# Speaker Reconing in Calgary?



## 23cicero (Mar 25, 2008)

I'd hop into the other speaker reconing thread (Edmonton) but I don't want to hijack it. I was just wondering where in Calgary can you get a speaker reconed for a good price? Thanks for your help. By the way it's a Jensen P12Q that's been blown -- I was also wondering at what point to you think it just isn't worth it to pay for the fixing but rather just buy a new one or something else...?


----------



## dwagar (Mar 6, 2006)

I don't know about price, but check with Speakers Only.


----------



## 23cicero (Mar 25, 2008)

Hey Dwagar,

Do you know if Speakers Only is even in business? I phoned the only 2 numbers that I could find online for the store and they are no longer in service....?


----------



## Sneaky (Feb 14, 2006)

23cicero said:


> Hey Dwagar,
> 
> Do you know if Speakers Only is even in business? I phoned the only 2 numbers that I could find online for the store and they are no longer in service....?

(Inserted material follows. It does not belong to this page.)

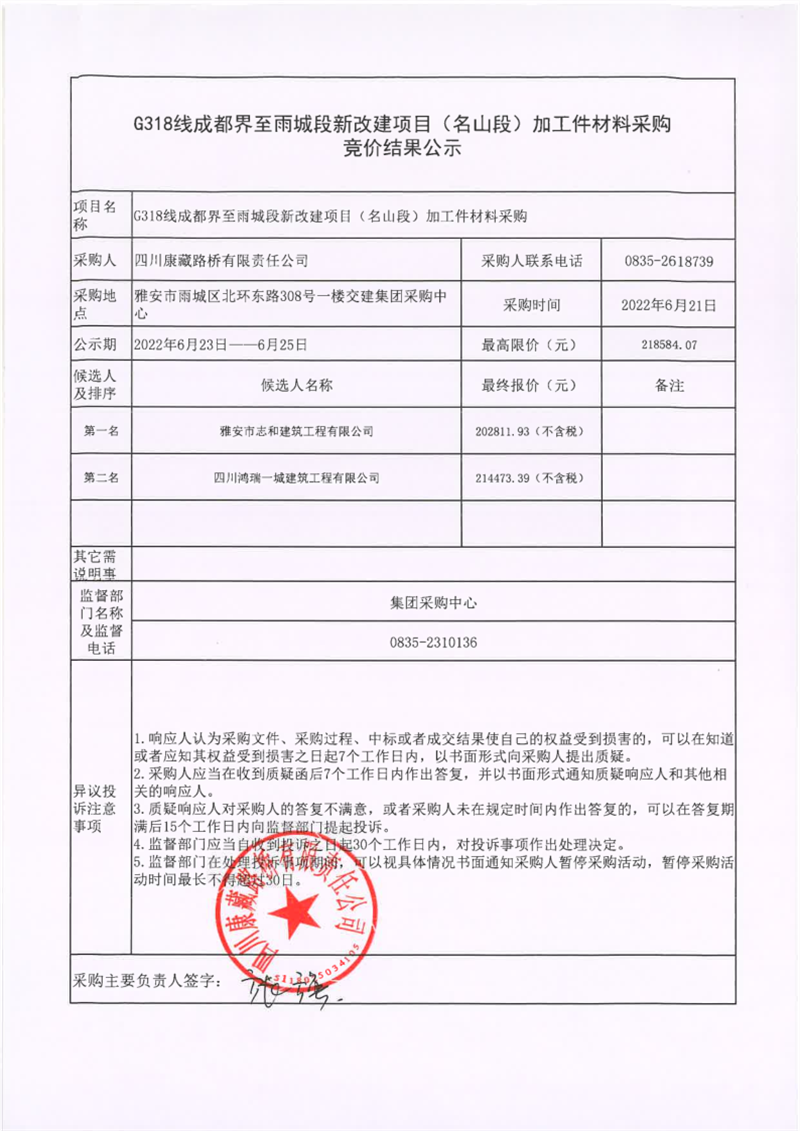 四川康藏路橋有限責(zé)任公司G318線成都界至雨城段新改建項(xiàng)目(名山段)加工件材料采購競(jìng)價(jià)結(jié)果公示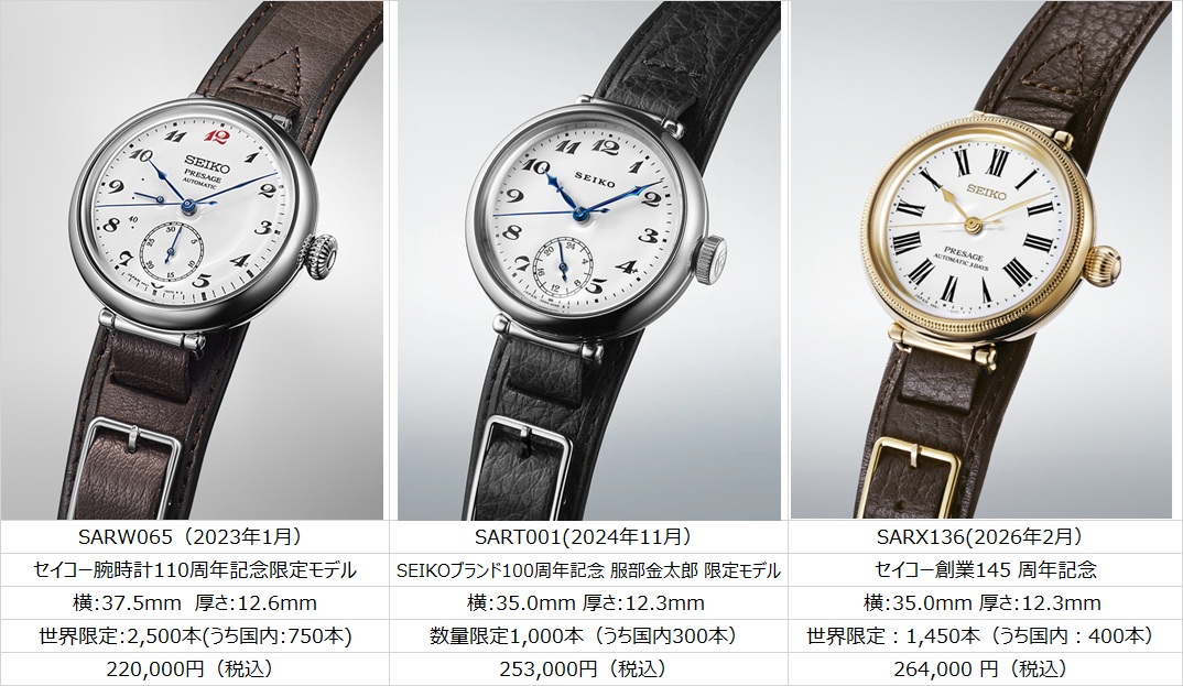 昨年はセイコーダイバーズ60周年、一昨年はクレドール50周年・・・よくもまぁ続くもんだと毎度毎度思いますが、創業145年なら何かしらあるもんでしょう。

He is still doing work out of his house apparently. I talked to him a few weeks ago. Did you try 286 0173?


----------



## 23cicero (Mar 25, 2008)

Yeah, that's one of the numbers that I tried! I just tried again: Out of Service. If you know of any other way to contact him (his home number/email if it's not too rude to contact him that way) or other suggestions that'd be great.


----------



## JamesFryGuitars (Jul 10, 2010)

Give Mike Pasnak at Guitarworks a call, he has the updated number for Speakers Only. Mike is at 403.216.8525


----------



## Lemmy Hangslong (May 11, 2006)

talk to Kat at Mothers Music she knows of someone... also Axe will get your speaker reconed... warning it's not cheap... In fact only if you have a real treasure of a speaker do I advise getting it reconed. Otherwise the reconing can cost almost as much as new replacement.


----------



## kat_ (Jan 11, 2007)

KHINGPYNN said:


> talk to Kat at Mothers Music she knows of someone...


No I don't. I'm following this thread too.


----------



## lrocs (Aug 26, 2010)

try this "e" mail [email protected] Patrick Worsley at Speakers Only Inc.

Worsley Patric B
403-286-7707
4524 73 St NW
Calgary, AB T3B 2M4


----------



## lrocs (Aug 26, 2010)

<[email protected]>
Worsley Patric B
403-286-7707
4524 73 St NW
Calgary, AB T3B 2M4


----------



## Adicted to Tubes (Mar 5, 2006)

Speakers only (403)880-9466 He is in Vancouver until next friday.He is still operating out of his home.He does very good work.I highly recommend him.


----------